Default expiration values:

```text
Job outputs: 2 hours
Client source cache: 6 hours
```

These values can be changed with environment variables.

## Environment variables

```text
APDF_JOB_EXPIRE_SECONDS Job output lifetime in seconds
APDF_CLIENT_EXPIRE_SECONDS Browser-session source cache lifetime in seconds
APDF_MAX_INLINE_BYTES Inline processing size threshold
APDF_MAX_INLINE_PAGES Inline processing page threshold
APDF_CODE_LENGTH Result code length
APDF_CODE_ALPHABET Characters used for result codes
APDF_DATA_DIR Data directory path
APDF_FONTS_DIR Font directory path
APDF_ACCESS_LOG_DIR Access log directory path
APDF_LOG_TZ Log timezone
```

## PDF.js files

The Edit page uses PDF.js for browser-side PDF preview.
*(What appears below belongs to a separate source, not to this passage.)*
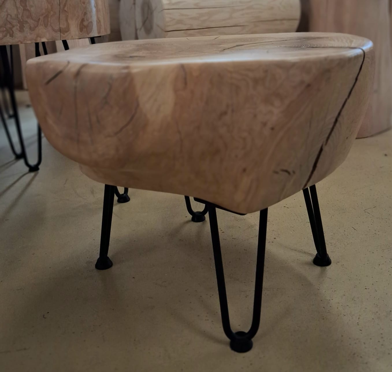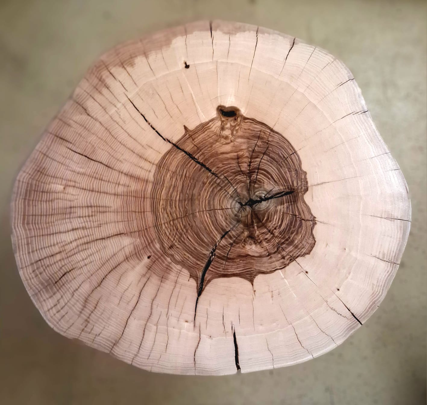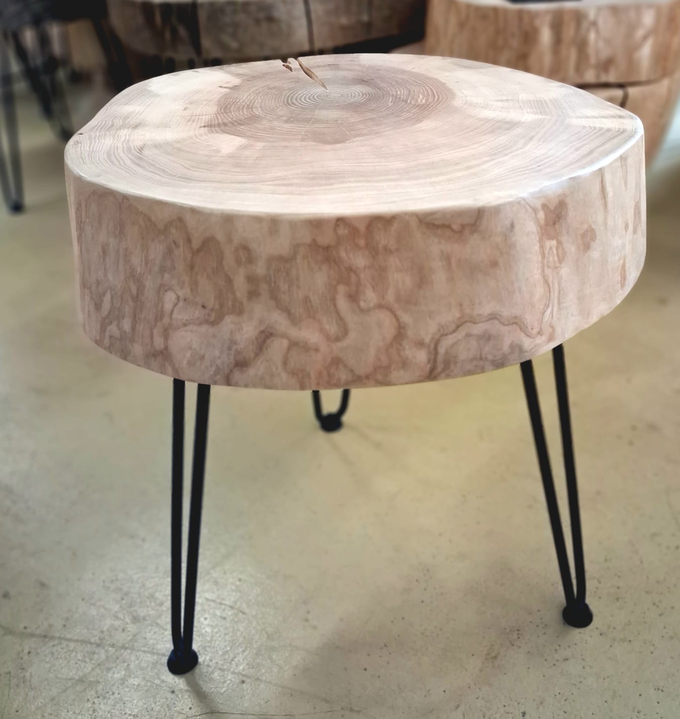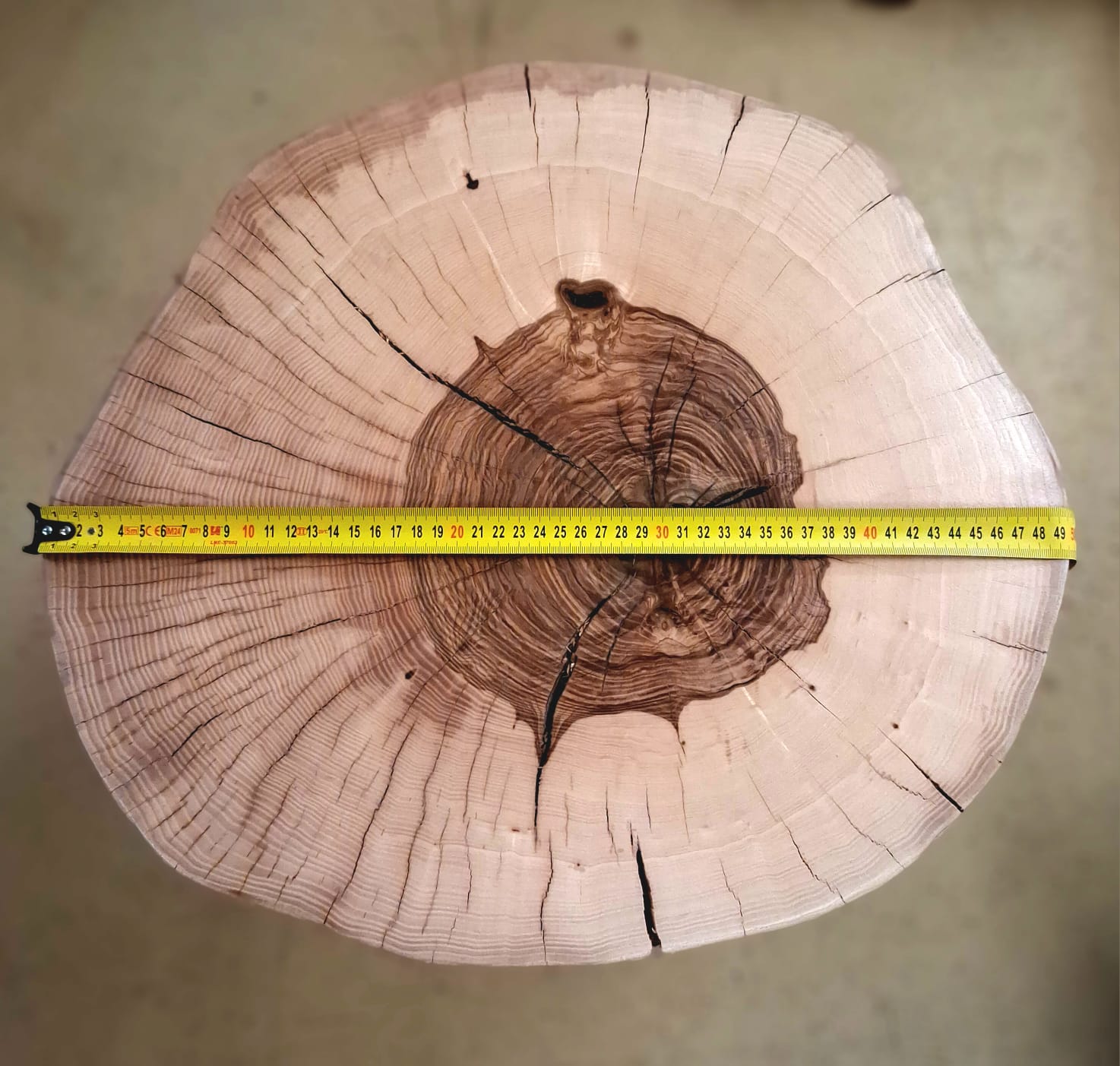 Stolek vyrobený z vybraného jasanového dřeva. Jedná se o příčný řez českým jasanem ztepilým. Jedinečný ručně broušený koláč je ponechaný v původním přírodním tvaru stromu. Dřevo je pečlivě ošetřené ekologickým ochranným nátěrem pro dlouhou životnost a zvýraznění kresby.

The expected static file paths are:

```text
app/static/pdfjs/pdf.mjs
app/static/pdfjs/pdf.worker.mjs
```

If the Dockerfile uses `pdfjs-dist`, these files can be copied automatically during image build.

## Notes

* APDF is intended for internal-network use.
* APDF is not a long-term document management system.
* Uploaded source files and generated outputs expire automatically.
* For sensitive documents, use APDF only on a trusted internal network.
* Result codes are convenient access codes, not strong authentication.
* Delete generated jobs manually when they are no longer needed.